Creative Synthesis

Introduction

Design is a difficult problem space. Identifying the ‘best’ design solution for a particular problem is a nontrivial, often difficult process. Any understanding of what a ‘best’ design is must necessarily incorporate both the aesthetic and functional values and the resultant impression of the object’s use - is an object useful, given a purpose for a kind of person. This is the concept of the object’s affordance. Affordance is a set of action possibilities - or perceived action possibilities - for a particular object.

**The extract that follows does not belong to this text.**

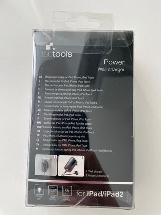 Cargador de pared Tabtools para iPad, iPhone y iPod. - Incluye adaptador de corriente y cable de carga. - Potencia de salida: 2.1A. - Voltaje de entrada: 230V. - Compatible con iPad/iPad2/ipod touch/2g-3g/ iphon3gs/3g/4

Aesthetics plays a dominant role in this discussion as well. Good design is often associated with some kind of positive aesthetic judgment. The value we associate with design seems to be inextricably linked to human experiential use and perception.

The Fitness of Design

In life a ‘good’ life form is simply one that can continue to live and, ultimately, reproduce. To live a life form needs to be successful at getting nutrients (eating and breathing) and in reproducing to continue its genetic code.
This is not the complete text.